Stored data
----

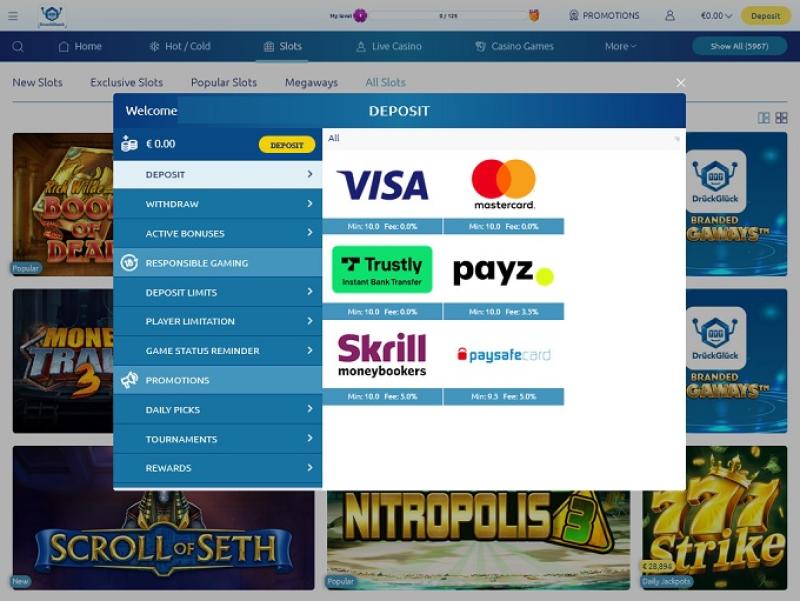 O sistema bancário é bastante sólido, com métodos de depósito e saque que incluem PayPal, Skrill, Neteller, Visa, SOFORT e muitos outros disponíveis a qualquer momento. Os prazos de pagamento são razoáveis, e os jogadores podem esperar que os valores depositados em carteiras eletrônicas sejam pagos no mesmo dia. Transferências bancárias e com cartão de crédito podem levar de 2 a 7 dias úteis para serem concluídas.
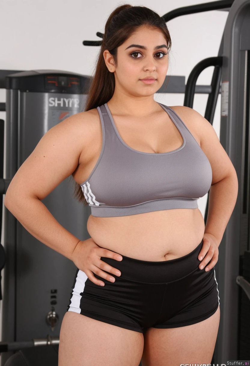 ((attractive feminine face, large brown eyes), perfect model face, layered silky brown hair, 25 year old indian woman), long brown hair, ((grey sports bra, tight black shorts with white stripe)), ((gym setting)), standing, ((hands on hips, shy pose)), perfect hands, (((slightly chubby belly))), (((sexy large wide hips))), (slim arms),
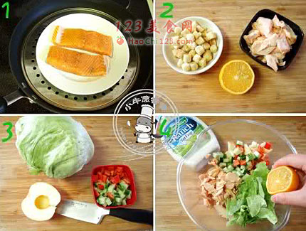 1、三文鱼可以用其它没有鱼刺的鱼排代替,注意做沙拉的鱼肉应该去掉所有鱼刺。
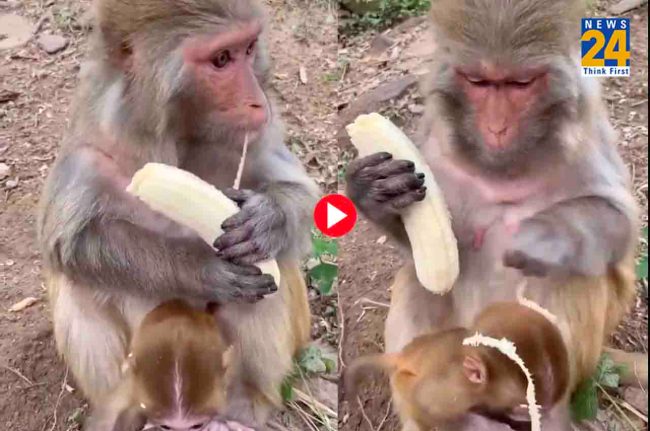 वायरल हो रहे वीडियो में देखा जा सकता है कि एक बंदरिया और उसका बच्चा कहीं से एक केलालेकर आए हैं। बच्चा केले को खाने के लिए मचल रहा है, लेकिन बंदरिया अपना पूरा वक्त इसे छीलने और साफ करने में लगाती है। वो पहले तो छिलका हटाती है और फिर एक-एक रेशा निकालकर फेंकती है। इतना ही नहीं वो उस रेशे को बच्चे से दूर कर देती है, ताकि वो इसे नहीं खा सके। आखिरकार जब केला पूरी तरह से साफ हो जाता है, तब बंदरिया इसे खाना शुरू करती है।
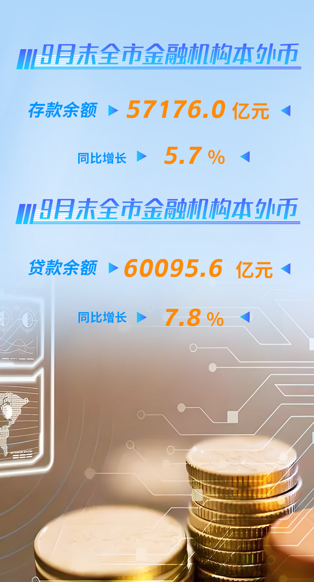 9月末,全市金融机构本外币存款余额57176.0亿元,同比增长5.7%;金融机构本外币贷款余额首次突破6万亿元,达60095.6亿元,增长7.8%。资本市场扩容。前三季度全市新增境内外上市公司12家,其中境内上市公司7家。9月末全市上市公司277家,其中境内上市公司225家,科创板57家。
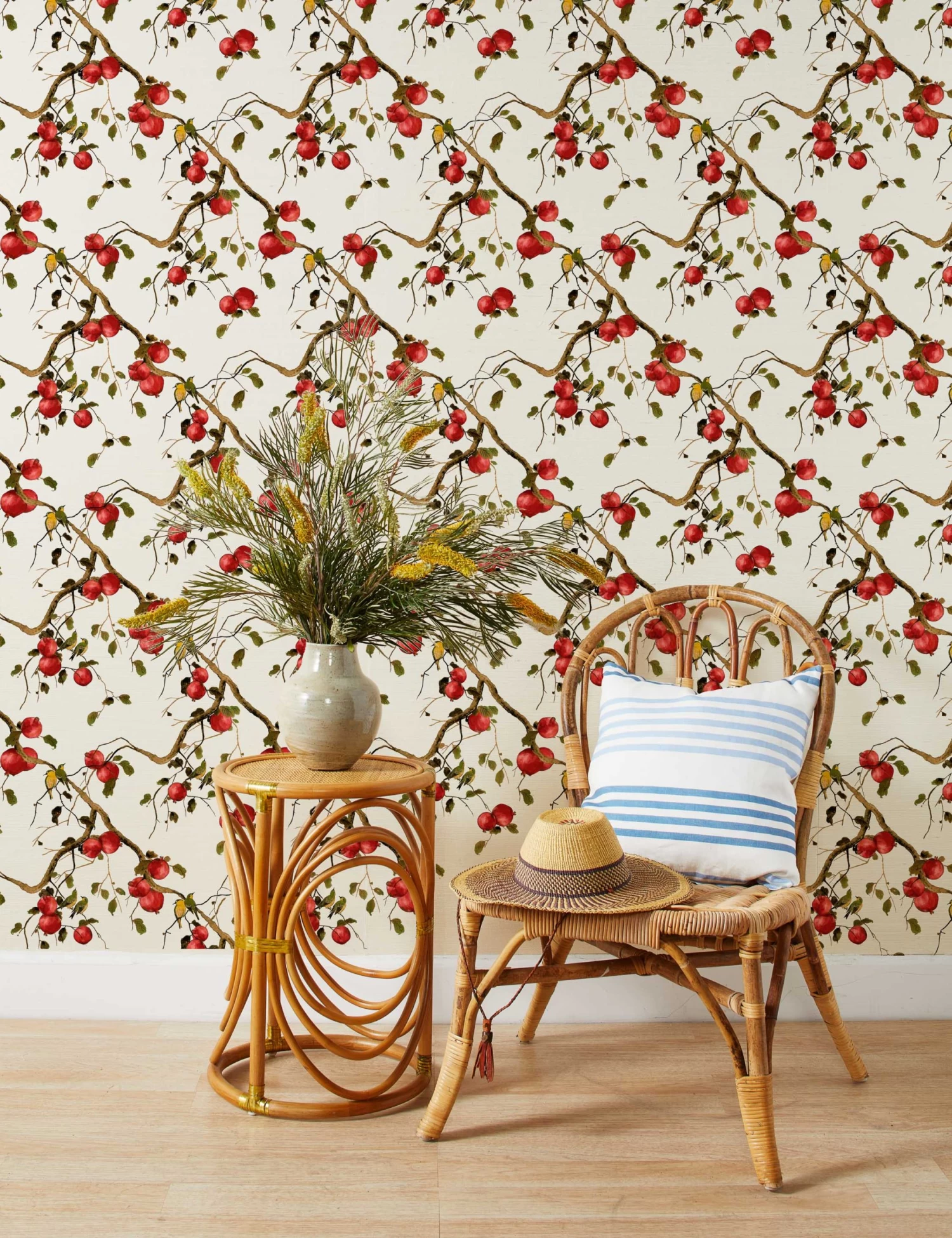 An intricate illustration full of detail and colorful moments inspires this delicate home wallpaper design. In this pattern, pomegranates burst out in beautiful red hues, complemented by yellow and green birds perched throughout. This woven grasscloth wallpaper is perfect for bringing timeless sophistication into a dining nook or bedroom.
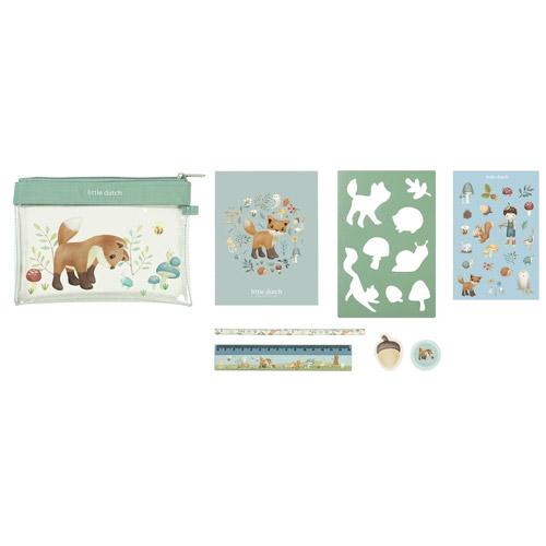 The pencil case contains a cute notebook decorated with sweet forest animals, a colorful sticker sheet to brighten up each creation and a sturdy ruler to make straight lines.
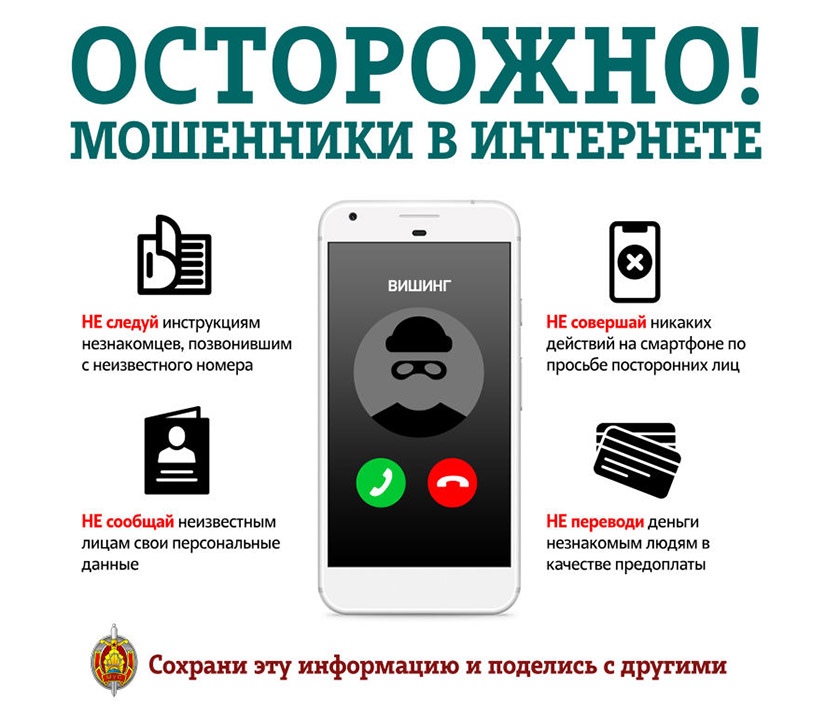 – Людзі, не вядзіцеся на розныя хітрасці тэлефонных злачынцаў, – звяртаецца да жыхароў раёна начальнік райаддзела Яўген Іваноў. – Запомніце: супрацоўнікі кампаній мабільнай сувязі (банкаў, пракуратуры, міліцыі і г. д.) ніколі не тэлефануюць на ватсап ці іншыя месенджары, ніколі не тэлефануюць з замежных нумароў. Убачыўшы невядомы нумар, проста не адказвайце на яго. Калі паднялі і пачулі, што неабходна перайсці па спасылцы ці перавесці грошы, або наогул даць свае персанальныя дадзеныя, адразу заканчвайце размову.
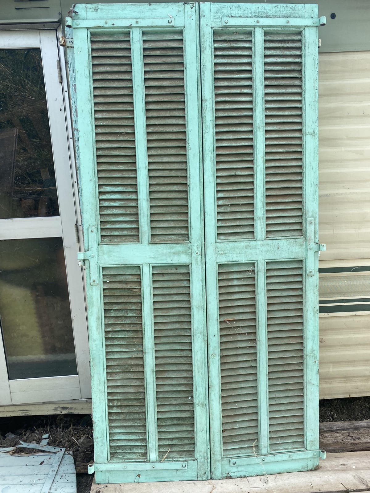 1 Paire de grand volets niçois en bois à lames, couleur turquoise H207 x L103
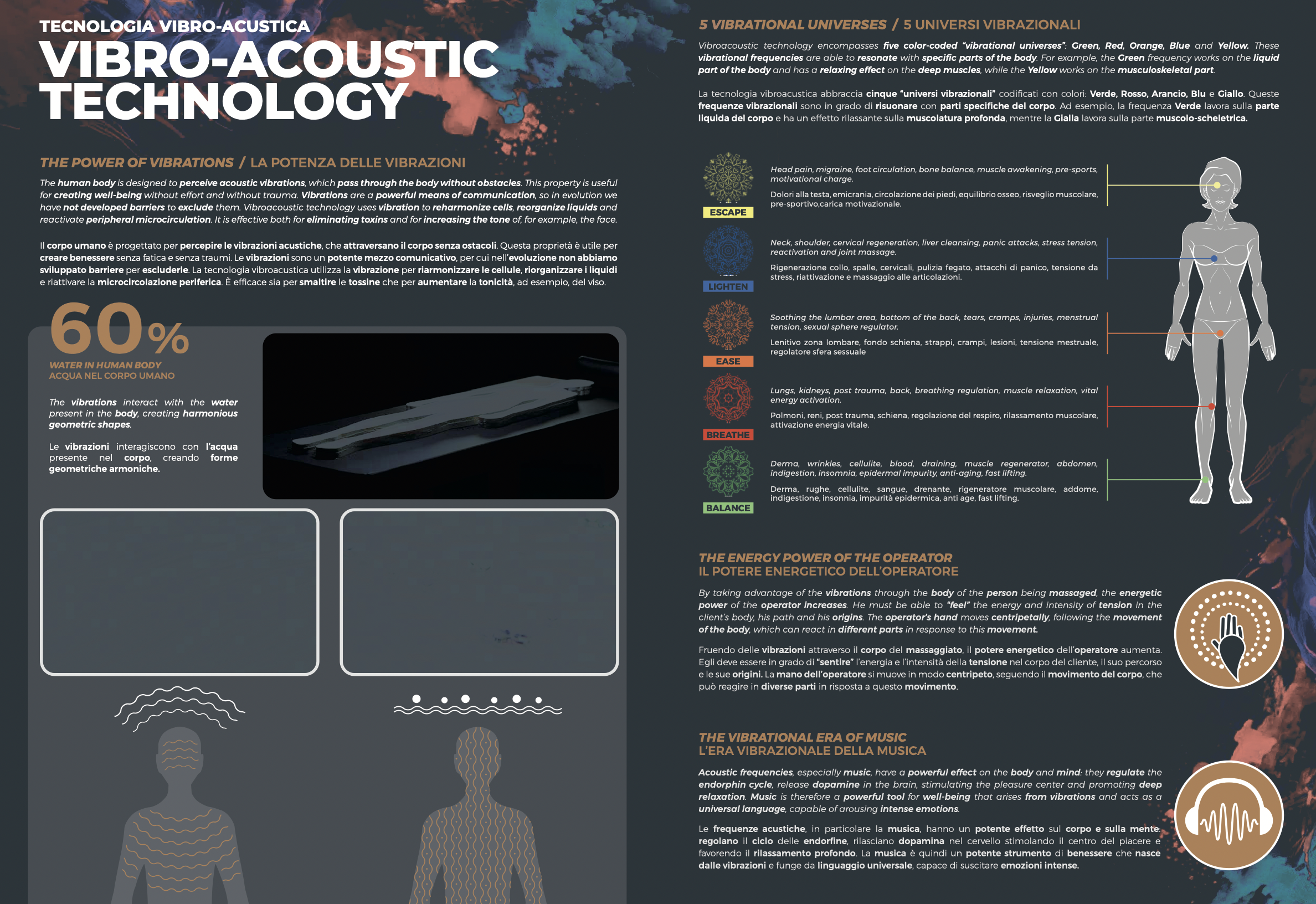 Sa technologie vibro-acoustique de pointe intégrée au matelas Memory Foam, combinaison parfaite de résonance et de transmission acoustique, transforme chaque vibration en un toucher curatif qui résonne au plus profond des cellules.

----

INSTRUCTIONS TO FOLLOW => A verbatim transcription of the records, pictures excluded, is the required output.

OUTPUT FOR THIS TASK =>
 O sistema bancário é bastante sólido, com métodos de depósito e saque que incluem PayPal, Skrill, Neteller, Visa, SOFORT e muitos outros disponíveis a qualquer momento. Os prazos de pagamento são razoáveis, e os jogadores podem esperar que os valores depositados em carteiras eletrônicas sejam pagos no mesmo dia. Transferências bancárias e com cartão de crédito podem levar de 2 a 7 dias úteis para serem concluídas.
 ((attractive feminine face, large brown eyes), perfect model face, layered silky brown hair, 25 year old indian woman), long brown hair, ((grey sports bra, tight black shorts with white stripe)), ((gym setting)), standing, ((hands on hips, shy pose)), perfect hands, (((slightly chubby belly))), (((sexy large wide hips))), (slim arms),
 1、三文鱼可以用其它没有鱼刺的鱼排代替,注意做沙拉的鱼肉应该去掉所有鱼刺。
 वायरल हो रहे वीडियो में देखा जा सकता है कि एक बंदरिया और उसका बच्चा कहीं से एक केलालेकर आए हैं। बच्चा केले को खाने के लिए मचल रहा है, लेकिन बंदरिया अपना पूरा वक्त इसे छीलने और साफ करने में लगाती है। वो पहले तो छिलका हटाती है और फिर एक-एक रेशा निकालकर फेंकती है। इतना ही नहीं वो उस रेशे को बच्चे से दूर कर देती है, ताकि वो इसे नहीं खा सके। आखिरकार जब केला पूरी तरह से साफ हो जाता है, तब बंदरिया इसे खाना शुरू करती है।
 9月末,全市金融机构本外币存款余额57176.0亿元,同比增长5.7%;金融机构本外币贷款余额首次突破6万亿元,达60095.6亿元,增长7.8%。资本市场扩容。前三季度全市新增境内外上市公司12家,其中境内上市公司7家。9月末全市上市公司277家,其中境内上市公司225家,科创板57家。
 An intricate illustration full of detail and colorful moments inspires this delicate home wallpaper design. In this pattern, pomegranates burst out in beautiful red hues, complemented by yellow and green birds perched throughout. This woven grasscloth wallpaper is perfect for bringing timeless sophistication into a dining nook or bedroom.
 The pencil case contains a cute notebook decorated with sweet forest animals, a colorful sticker sheet to brighten up each creation and a sturdy ruler to make straight lines.
 – Людзі, не вядзіцеся на розныя хітрасці тэлефонных злачынцаў, – звяртаецца да жыхароў раёна начальнік райаддзела Яўген Іваноў. – Запомніце: супрацоўнікі кампаній мабільнай сувязі (банкаў, пракуратуры, міліцыі і г. д.) ніколі не тэлефануюць на ватсап ці іншыя месенджары, ніколі не тэлефануюць з замежных нумароў. Убачыўшы невядомы нумар, проста не адказвайце на яго. Калі паднялі і пачулі, што неабходна перайсці па спасылцы ці перавесці грошы, або наогул даць свае персанальныя дадзеныя, адразу заканчвайце размову.
 1 Paire de grand volets niçois en bois à lames, couleur turquoise H207 x L103
 Sa technologie vibro-acoustique de pointe intégrée au matelas Memory Foam, combinaison parfaite de résonance et de transmission acoustique, transforme chaque vibration en un toucher curatif qui résonne au plus profond des cellules.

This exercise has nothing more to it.